▸ Directions for this task:
The whole listing is to be written out again exactly; the pictures are not.

▸ Supplied information:
--------------------------------------------------

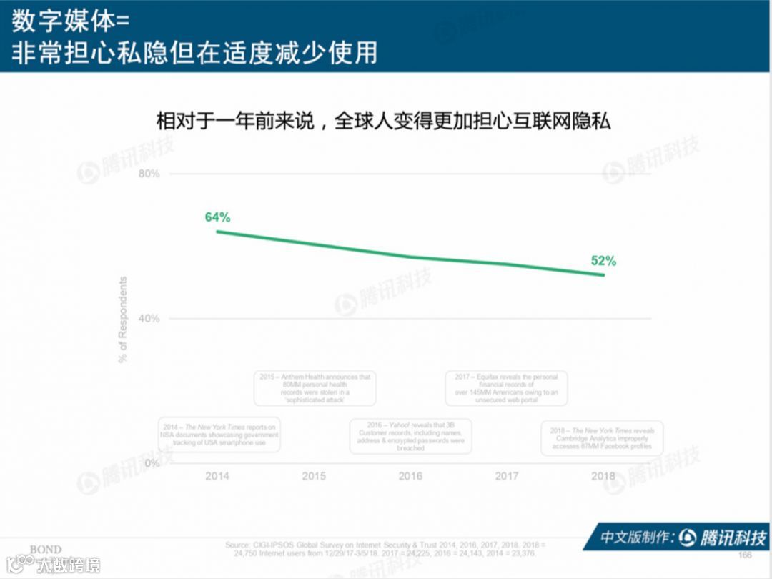 但是,很遗憾地讲,公众的隐私担忧加剧,很大一部分源于这几年互联网并没有新鲜事物诞生。大众产生审美疲劳时,就会把隐私这事儿拿出来说道了。
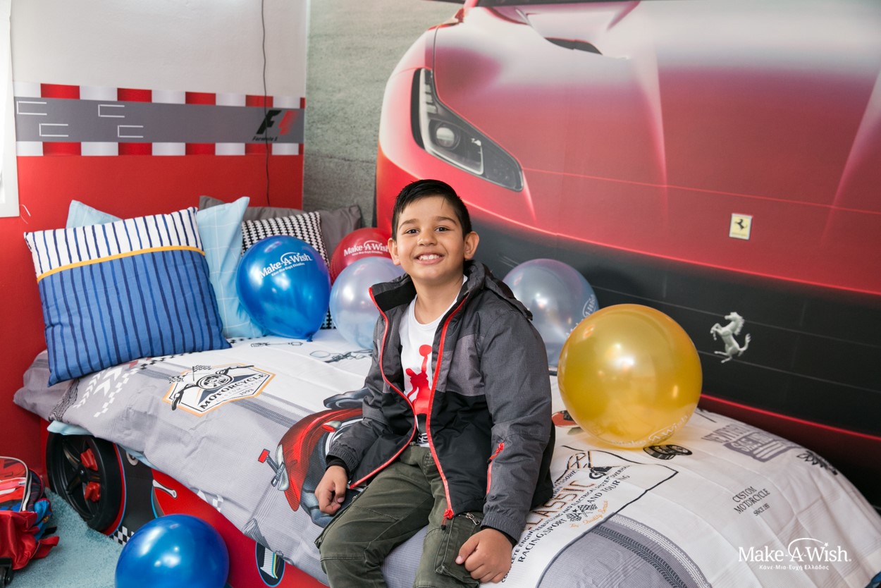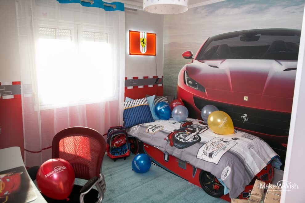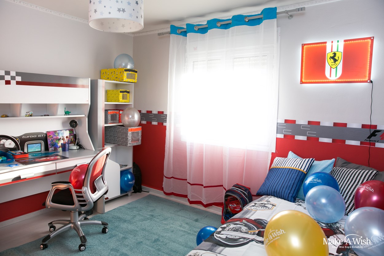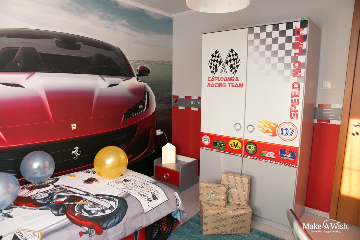 Όμως οι νεράιδες χρησιμοποίησαν την πολύτιμη νεραϊδόσκονη τους ώστε το αποτέλεσμα να είναι ακόμα πιο μαγικό. Μια γιγάντια, κατακόκκινη Ferrari διακοσμούσε τον τοίχο πάνω από το κρεβάτι του. Τοίχοι βαμμένοι στα χρώματα της Formula και έπιπλα βγαλμένα από αγώνες! Κάθε λεπτομέρεια ήταν φροντισμένη στην εντέλεια, με την καρέκλα να θυμίζει κάθισμα αγωνιστικού αυτοκινήτου και το φωτιζόμενο σήμα του αγαπημένου του αυτοκινήτου πάνω από το κεφαλάρι του κρεβατιού!
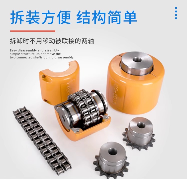 Khớp nối xích KC là loại khớp nối cơ khí dùng xích con lăn và đĩa xích để truyền mô-men xoắn giữa hai trục. Cấu tạo bao gồm 3 thành phần chính:
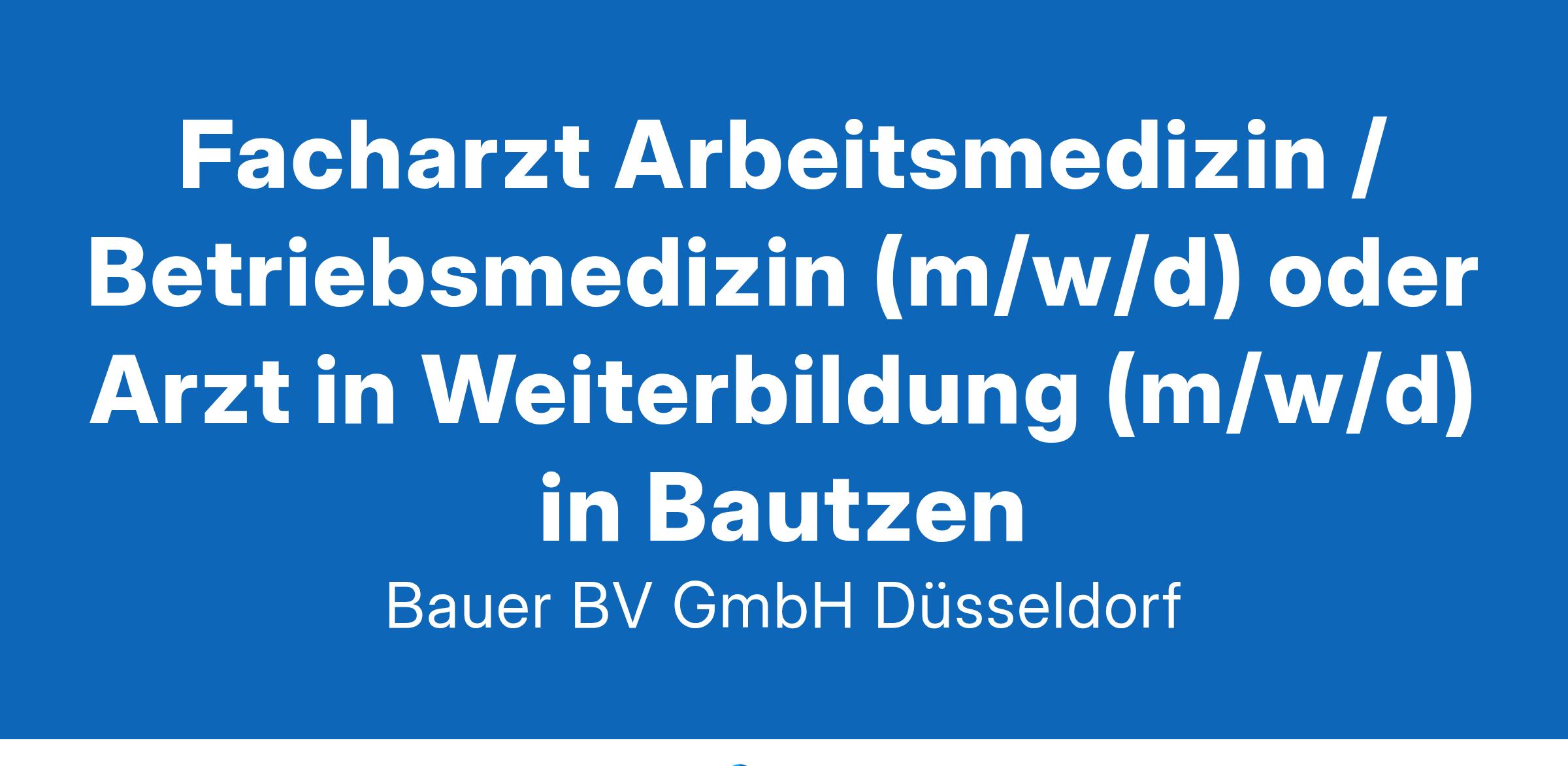 Anstellungsart(en): Teilzeit, VollzeitIhr neuer Arbeitsplatz:Großer, bundesweit führender Anbieter im betrieblichen Gesundheits- und Leistungsfähigkeitsmanagement. Für den Standort Bautzen suchen wir zum nächstmöglichen Zeitpunkt einen Facharzt (m/w/d) für Arbeitsmedizin bzw. Betriebsmedizin oder gerne auch einen Assistenzarzt (m/w/d).Ihre Vorteile:Attraktive KarrieremöglichkeitenAbwechslungsreiche TätigkeitAusschließlich präventive TätigkeitBetreuung und Beratung der Kunden zu arbeitsmedizinischen ThemenKeine VertriebstätigkeitenFlexiblen ArbeitszeitenBesonders wertschätzenden AtmosphäreFreundliches und engagiertes TeamAttraktive VergütungDienstwagen, auch zur privaten NutzungUnbefristete Festanstellung in Voll- oder TeilzeitIhr Profil:Facharzt (m/w/d) für Arbeitsmedizin / Betriebsmedizin bzw.Arzt (m/w/d) mit 24 Monaten Erfahrung in den Gebieten der unmittelbaren PatientenversorgungPKW-FührerscheinIhr Ansprechpartner:Bauer B+V Personalberatung

--------------------------------------------------

▸ Task result:
 但是,很遗憾地讲,公众的隐私担忧加剧,很大一部分源于这几年互联网并没有新鲜事物诞生。大众产生审美疲劳时,就会把隐私这事儿拿出来说道了。
 Όμως οι νεράιδες χρησιμοποίησαν την πολύτιμη νεραϊδόσκονη τους ώστε το αποτέλεσμα να είναι ακόμα πιο μαγικό. Μια γιγάντια, κατακόκκινη Ferrari διακοσμούσε τον τοίχο πάνω από το κρεβάτι του. Τοίχοι βαμμένοι στα χρώματα της Formula και έπιπλα βγαλμένα από αγώνες! Κάθε λεπτομέρεια ήταν φροντισμένη στην εντέλεια, με την καρέκλα να θυμίζει κάθισμα αγωνιστικού αυτοκινήτου και το φωτιζόμενο σήμα του αγαπημένου του αυτοκινήτου πάνω από το κεφαλάρι του κρεβατιού!
 Khớp nối xích KC là loại khớp nối cơ khí dùng xích con lăn và đĩa xích để truyền mô-men xoắn giữa hai trục. Cấu tạo bao gồm 3 thành phần chính:
 Anstellungsart(en): Teilzeit, VollzeitIhr neuer Arbeitsplatz:Großer, bundesweit führender Anbieter im betrieblichen Gesundheits- und Leistungsfähigkeitsmanagement. Für den Standort Bautzen suchen wir zum nächstmöglichen Zeitpunkt einen Facharzt (m/w/d) für Arbeitsmedizin bzw. Betriebsmedizin oder gerne auch einen Assistenzarzt (m/w/d).Ihre Vorteile:Attraktive KarrieremöglichkeitenAbwechslungsreiche TätigkeitAusschließlich präventive TätigkeitBetreuung und Beratung der Kunden zu arbeitsmedizinischen ThemenKeine VertriebstätigkeitenFlexiblen ArbeitszeitenBesonders wertschätzenden AtmosphäreFreundliches und engagiertes TeamAttraktive VergütungDienstwagen, auch zur privaten NutzungUnbefristete Festanstellung in Voll- oder TeilzeitIhr Profil:Facharzt (m/w/d) für Arbeitsmedizin / Betriebsmedizin bzw.Arzt (m/w/d) mit 24 Monaten Erfahrung in den Gebieten der unmittelbaren PatientenversorgungPKW-FührerscheinIhr Ansprechpartner:Bauer B+V Personalberatung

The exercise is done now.